Zu einem Antrag auf Protokollierung einer Einigung muss es somit nach den Bestimmungen des RVG nicht unbedingt kommen, denn es reicht zum Gebührenanfall bereits die Verhandlung über in diesem Verfahren nicht rechtshängige Ansprüche. Die Differenzverfahrensgebühr gemäß Nr. 3101 Nr. 2 VV RVG erhält der Rechtsanwalt aus dem Wert der in diesem Verfahren nicht rechtshängigen Ansprüche. Das bedeutet, die Ansprüche sind entweder

gar nicht anhängig oder
in einem anderen Verfahren anhängig.
 

Rz. 493

 

Praxistipp

Sofern es nicht zu einer Einigung kommt, sollte im Termin darauf geachtet werden, dass das Gericht die Gebühren auslösende Tätigkeit ins Sitzungsprotokoll aufnimmt. So ist gewährleistet, dass es später nicht zu Streit über die Frage der Entstehung der Gebühr kommt.
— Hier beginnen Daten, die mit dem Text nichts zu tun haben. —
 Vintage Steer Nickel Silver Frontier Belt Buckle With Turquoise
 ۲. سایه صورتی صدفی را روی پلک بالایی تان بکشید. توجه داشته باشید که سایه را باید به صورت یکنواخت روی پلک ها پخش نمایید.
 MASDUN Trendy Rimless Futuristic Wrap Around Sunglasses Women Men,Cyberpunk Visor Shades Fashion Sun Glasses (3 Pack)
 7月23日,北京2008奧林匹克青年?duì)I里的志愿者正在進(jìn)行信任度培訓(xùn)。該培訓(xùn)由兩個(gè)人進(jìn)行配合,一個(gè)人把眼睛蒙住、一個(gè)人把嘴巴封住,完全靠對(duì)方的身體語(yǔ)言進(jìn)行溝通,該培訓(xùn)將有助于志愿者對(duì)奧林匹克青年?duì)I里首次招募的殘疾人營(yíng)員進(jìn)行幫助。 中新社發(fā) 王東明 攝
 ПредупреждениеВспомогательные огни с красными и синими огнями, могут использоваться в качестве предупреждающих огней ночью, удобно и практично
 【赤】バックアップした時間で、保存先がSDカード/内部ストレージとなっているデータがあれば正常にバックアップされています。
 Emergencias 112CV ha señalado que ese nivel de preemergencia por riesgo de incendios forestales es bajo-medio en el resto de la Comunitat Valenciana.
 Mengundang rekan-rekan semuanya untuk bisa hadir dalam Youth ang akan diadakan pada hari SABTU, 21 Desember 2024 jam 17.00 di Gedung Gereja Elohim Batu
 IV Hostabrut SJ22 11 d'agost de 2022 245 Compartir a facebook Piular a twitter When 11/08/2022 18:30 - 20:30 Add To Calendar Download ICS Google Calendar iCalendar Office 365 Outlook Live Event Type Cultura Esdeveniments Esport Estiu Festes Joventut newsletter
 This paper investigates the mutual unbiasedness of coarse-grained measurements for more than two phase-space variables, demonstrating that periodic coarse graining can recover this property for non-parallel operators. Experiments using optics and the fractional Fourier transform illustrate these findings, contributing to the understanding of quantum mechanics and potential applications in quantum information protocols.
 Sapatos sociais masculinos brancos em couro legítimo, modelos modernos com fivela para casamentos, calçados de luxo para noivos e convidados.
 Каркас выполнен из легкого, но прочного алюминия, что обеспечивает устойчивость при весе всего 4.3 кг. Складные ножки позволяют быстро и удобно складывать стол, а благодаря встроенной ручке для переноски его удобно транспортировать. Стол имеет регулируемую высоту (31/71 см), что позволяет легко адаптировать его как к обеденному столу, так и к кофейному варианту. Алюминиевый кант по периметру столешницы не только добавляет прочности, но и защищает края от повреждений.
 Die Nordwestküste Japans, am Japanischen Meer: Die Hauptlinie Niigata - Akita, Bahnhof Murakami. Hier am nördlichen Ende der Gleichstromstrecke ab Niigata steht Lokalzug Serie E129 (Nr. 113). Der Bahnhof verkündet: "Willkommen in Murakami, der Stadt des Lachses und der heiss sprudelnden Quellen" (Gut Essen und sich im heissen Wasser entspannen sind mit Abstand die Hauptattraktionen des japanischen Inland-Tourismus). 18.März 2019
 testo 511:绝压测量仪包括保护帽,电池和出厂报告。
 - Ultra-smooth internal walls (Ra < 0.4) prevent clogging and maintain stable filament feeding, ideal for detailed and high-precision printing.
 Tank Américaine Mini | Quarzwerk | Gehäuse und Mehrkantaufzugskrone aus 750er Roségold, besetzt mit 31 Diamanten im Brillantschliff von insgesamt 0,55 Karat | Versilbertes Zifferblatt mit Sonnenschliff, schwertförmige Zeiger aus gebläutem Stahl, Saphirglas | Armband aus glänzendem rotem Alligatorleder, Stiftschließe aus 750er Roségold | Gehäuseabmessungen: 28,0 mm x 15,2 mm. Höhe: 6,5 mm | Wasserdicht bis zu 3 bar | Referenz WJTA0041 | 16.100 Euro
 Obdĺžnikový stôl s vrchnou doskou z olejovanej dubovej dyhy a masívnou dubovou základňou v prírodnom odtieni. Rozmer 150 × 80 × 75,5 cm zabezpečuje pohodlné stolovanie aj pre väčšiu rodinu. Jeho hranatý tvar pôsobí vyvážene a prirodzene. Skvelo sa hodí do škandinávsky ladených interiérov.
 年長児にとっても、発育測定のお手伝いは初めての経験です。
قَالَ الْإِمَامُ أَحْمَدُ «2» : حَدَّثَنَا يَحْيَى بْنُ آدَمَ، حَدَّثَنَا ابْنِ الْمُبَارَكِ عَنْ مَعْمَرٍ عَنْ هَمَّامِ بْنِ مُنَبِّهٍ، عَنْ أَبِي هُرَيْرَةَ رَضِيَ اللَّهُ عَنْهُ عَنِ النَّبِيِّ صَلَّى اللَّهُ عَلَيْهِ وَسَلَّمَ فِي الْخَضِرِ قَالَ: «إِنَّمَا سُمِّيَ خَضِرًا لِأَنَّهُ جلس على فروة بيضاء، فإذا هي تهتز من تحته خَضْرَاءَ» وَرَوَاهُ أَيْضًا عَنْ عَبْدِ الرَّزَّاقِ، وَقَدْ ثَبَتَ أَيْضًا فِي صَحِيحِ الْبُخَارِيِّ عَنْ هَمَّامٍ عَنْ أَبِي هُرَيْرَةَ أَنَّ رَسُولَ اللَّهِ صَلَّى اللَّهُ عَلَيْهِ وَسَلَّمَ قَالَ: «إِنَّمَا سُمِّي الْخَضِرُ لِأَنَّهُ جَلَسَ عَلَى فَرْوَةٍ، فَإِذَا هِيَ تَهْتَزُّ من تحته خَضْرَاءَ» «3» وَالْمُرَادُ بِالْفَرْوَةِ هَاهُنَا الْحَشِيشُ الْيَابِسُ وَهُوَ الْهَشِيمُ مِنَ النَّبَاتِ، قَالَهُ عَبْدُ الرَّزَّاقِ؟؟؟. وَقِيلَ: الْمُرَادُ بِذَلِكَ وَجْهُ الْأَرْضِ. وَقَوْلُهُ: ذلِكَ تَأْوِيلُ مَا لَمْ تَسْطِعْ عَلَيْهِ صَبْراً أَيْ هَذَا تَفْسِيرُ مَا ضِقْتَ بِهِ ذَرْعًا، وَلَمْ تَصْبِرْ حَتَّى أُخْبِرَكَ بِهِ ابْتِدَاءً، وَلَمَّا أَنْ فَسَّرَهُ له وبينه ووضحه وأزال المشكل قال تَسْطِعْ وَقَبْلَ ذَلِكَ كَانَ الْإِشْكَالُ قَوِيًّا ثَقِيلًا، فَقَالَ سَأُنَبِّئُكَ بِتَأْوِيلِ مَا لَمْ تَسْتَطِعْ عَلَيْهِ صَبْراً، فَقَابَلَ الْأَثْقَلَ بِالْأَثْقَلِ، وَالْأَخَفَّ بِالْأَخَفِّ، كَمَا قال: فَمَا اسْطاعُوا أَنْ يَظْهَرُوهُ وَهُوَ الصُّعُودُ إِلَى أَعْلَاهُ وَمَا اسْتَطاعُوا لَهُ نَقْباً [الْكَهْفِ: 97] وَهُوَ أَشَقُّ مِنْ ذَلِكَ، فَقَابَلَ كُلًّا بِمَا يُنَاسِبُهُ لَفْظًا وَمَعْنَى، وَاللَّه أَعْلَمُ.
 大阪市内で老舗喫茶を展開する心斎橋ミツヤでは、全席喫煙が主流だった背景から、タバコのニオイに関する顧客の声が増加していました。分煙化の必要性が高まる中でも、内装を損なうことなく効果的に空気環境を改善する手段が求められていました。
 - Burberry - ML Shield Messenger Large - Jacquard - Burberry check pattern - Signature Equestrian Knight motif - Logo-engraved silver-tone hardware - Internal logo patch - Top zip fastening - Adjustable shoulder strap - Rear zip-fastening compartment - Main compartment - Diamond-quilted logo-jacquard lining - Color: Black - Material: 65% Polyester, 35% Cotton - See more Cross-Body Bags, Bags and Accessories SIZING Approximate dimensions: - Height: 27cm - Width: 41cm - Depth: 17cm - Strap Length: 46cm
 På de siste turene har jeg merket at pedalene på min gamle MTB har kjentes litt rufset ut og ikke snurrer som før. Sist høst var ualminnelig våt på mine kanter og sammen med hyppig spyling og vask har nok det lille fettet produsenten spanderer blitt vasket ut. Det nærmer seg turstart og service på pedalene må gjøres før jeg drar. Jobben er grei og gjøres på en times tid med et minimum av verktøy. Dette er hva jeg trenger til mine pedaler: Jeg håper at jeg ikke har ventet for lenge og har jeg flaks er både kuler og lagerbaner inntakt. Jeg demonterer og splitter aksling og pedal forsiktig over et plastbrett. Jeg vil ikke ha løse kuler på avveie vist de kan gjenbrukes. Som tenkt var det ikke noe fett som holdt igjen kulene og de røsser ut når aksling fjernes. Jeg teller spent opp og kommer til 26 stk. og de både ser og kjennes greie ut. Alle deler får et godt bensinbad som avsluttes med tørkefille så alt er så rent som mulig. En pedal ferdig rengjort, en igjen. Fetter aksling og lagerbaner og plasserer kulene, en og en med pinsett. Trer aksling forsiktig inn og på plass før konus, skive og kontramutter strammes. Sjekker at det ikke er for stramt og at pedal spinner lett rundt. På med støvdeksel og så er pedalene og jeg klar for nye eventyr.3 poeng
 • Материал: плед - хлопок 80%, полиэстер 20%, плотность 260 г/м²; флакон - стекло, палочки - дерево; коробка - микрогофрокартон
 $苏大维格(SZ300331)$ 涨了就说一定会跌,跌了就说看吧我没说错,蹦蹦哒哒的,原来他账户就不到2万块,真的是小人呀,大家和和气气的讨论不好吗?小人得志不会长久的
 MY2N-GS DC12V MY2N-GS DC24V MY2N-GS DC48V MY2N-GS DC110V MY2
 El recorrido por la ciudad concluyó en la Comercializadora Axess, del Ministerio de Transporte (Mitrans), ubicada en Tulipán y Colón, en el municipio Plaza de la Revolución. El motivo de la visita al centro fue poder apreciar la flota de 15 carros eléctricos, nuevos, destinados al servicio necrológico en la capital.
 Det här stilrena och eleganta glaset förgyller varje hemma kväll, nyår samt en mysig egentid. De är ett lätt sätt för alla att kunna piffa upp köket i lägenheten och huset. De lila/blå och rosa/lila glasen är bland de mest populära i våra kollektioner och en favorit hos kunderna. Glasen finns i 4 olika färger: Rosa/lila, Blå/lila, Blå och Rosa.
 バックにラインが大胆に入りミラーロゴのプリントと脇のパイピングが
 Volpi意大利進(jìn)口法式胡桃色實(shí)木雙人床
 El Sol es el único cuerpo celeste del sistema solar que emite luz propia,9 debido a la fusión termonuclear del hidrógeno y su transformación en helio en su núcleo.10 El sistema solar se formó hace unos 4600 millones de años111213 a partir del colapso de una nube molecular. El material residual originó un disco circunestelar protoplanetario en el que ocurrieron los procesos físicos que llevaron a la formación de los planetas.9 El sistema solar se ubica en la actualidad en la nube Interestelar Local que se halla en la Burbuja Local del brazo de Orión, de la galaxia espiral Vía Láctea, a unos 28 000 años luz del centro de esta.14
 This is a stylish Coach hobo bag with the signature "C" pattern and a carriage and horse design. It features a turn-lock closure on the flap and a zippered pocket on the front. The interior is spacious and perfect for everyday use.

Dabei sollte darauf geachtet werden, dass das Gericht die Ansprüche, über die verhandelt wurde, nach Möglichkeit auch beziffert.

 

Rz. 494

Denkbar sind aber auch Fälle, in denen das Gericht einen Vergleichsvorschlag unterbreitet und einer der Beteiligten versucht, für den anderen Beteiligten gänzlich neue oder gar unbekannte Forderungen in die Verhandlungen mit einzubeziehen. Es stellt sich die Frage, ob der Rechtsanwalt, der im Verfahren mit derartigen Ansprüchen erstmalig konfrontiert wird, überhaupt einen Auftrag zur Verhandlung über diese Ansprüche hat. Möglicherweise sind die Ansprüche aber auch bekannt, aus Kostengründen soll jedoch eine Verhandlung hierüber nicht erfolgen.

 

Rz. 495

 

Praxistipp

Will man verhindern, dass die Differenzverfahrensgebühr anfällt (und möglicherweise eine Terminsgebühr gleich obendrein, siehe Rdn 497 ff. nachstehend), sollte man nicht in Verhandlungen hierüber eintreten, denn selbst das Verhandeln löst die entsprechenden Gebühren aus. Hier bietet es sich an, den Gegenanwalt darauf hinzuweisen, dass diese Ansprüche nicht Gegenstand des Verfahrens sind und man sich wegen dieser Ansprüche schriftlich melden soll. Damit ist der Gebührenanfall natürlich nicht per se verhindert, aber zumindest für diesen Moment.

Musterrechnungen zum Thema Differenzverfahrensgebühr, siehe Rdn 510.

[335] BT-Drucks 17/11471 vom 14.11.2012, 2. KostRMoG, S. 430 f.